That is, there is a difficulty in providing a collision energy attenuation means that causes a large deceleration immediately after the collision (section (1) in FIGS. 2 and 3), but maintains a relatively constant velocity thereafter (section (2) in FIGS. The 'constant velocity' means that the deceleration is relatively slow. Unlike the section, it means that the resistance is removed and becomes constant velocity.

The present invention intends to achieve the above-mentioned effects by means of such a means that the brittle fracture means is used as the collision energy attenuation means. For example, "glass" can be applied.

That is, the present invention is intended to solve the aforementioned difficulties. The road safety facility proposed by the present invention discloses a primary energy dissipating device for easily forming the first section and the second section. The primary energy dissipating device can achieve its function as an element having structural and material characteristics. The first stage is divided into the first stage and the second stage by dividing the stage before the brittle destruction and the stage after the brittle failure. . That is, by using the brittle fracture of the glass, the energy is dissipated in a short time to form a section where a large deceleration is obtained, and thereafter a sudden displacement is generated. The second section should have a relatively small deceleration. If possible, it is also desirable to make the deceleration close to zero.

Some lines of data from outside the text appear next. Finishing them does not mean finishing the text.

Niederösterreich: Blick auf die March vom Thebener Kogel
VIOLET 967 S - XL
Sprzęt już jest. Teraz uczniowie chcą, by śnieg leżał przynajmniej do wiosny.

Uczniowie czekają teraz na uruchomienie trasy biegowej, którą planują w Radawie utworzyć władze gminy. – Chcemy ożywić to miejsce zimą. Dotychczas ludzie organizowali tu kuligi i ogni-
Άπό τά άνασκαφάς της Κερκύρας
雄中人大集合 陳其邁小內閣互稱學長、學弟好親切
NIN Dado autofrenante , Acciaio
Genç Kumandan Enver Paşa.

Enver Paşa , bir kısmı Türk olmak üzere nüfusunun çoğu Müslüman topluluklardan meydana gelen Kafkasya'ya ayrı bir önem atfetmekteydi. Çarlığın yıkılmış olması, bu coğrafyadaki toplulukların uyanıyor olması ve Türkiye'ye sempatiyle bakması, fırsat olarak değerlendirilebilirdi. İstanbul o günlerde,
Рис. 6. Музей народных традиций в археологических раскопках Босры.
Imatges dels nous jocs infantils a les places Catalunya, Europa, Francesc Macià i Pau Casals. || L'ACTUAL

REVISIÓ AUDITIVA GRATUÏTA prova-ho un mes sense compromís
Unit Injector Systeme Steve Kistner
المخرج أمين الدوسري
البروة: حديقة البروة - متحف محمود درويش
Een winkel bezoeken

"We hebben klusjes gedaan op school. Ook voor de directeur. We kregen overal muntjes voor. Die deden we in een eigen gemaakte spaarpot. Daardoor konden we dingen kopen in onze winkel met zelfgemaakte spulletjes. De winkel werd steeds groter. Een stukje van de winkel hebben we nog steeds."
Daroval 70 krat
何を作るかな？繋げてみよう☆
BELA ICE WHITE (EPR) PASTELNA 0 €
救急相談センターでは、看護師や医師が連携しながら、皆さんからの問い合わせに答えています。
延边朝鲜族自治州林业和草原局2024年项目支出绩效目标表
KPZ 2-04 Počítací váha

FIG. 3B is a conceptual view illustrating operation in a vehicle collision to explain the present invention. 4 and 5 are sectional views showing the operation of one embodiment of the present invention, wherein FIG. 4 shows the state before the vehicle collision, and FIG. 5 shows the state after the vehicle collision. (Figs. 4 and 5 show the cross section taken along the line B-B 'in Fig. 7, which will be described later.)

3B, the present invention basically comprises a first sliding frame 10, a second sliding frame 20, a fixing table 30, a first energy dissipating device 40 and a second energy dissipating device 50, . A feature of the present invention is that the first energy dissipating device (40) is made of glass. The flat glass is the 41 stacked. After the impact, the first energy dissipating device 40 is broken and becomes broken particles 41b. The middle diagram of FIG. 3B corresponds to the two sections of FIG. 3A.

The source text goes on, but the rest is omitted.